Старичка-профессора мы отыскали в двухместном реанимационном боксе. Он мирно посапывал и не проснулся, даже когда мы над ним склонились. Его сосед, пучеглазый хрыч, пробовал возмутиться нашим поздним вторжением, Маркофьев пригрозил, что устроит ему эвтаназию, и ворчун прикусил язык.

Маркофьев вытащил связку ключей и погремел ею над ухом спящего. Профессор встрепенулся.

— Что? Сколько времени?
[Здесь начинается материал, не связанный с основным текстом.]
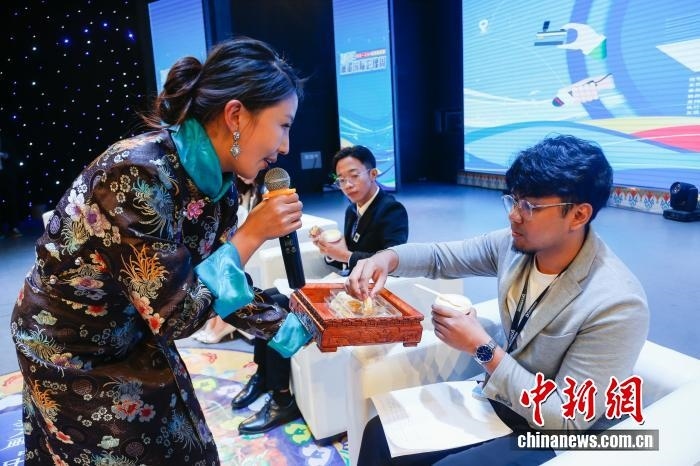 2024年8月18日,“同飲一江水 光影耀瀾湄”2024瀾湄國際影像周在青海省玉樹藏族自治州玉樹市正式啟動。圖為來自瀾滄江-湄公河流域國家的6名青年代表品嘗玉樹酸奶、奶酪等當(dāng)?shù)靥厣r(nóng)畜產(chǎn)品。中新社記者 馬銘言 攝

Откуда вы взялись, — сев на постели, бормотал он.

Маркофьев расплылся в улыбке.

— Привезли вам пожелания скорейшего выздоровления от первого лица нашей страны…

Профессор все еще плохо соображал — возможно, после сна, возможно, из-за недавнего наркоза. Свесил ноги, пытаясь нащупать ими тапочки.

— Что вы делаете! — ужаснулась медсестра. — Ему нельзя подниматься! Он неходячий!

Врач обессиленно прислонился к дверному косяку.

— Есть в вашем лечебном заведении спирт? — спросил эскулапа Маркофьев. И пояснил. — Ну, которым протирают иглы шприцов и прочие инструменты? Принесите граммов двести и три мензурки. Надо отметить встречу.

Лекарь, потеряв над собой контроль, бросился на Маркофьева с кулаками. Медсестра завыла и побежала, наверно, вызывать милицию. Я пытался дерущихся разнять. Но они повалились на кровать пучеглазого ворчуна и сплелись в тугой узел.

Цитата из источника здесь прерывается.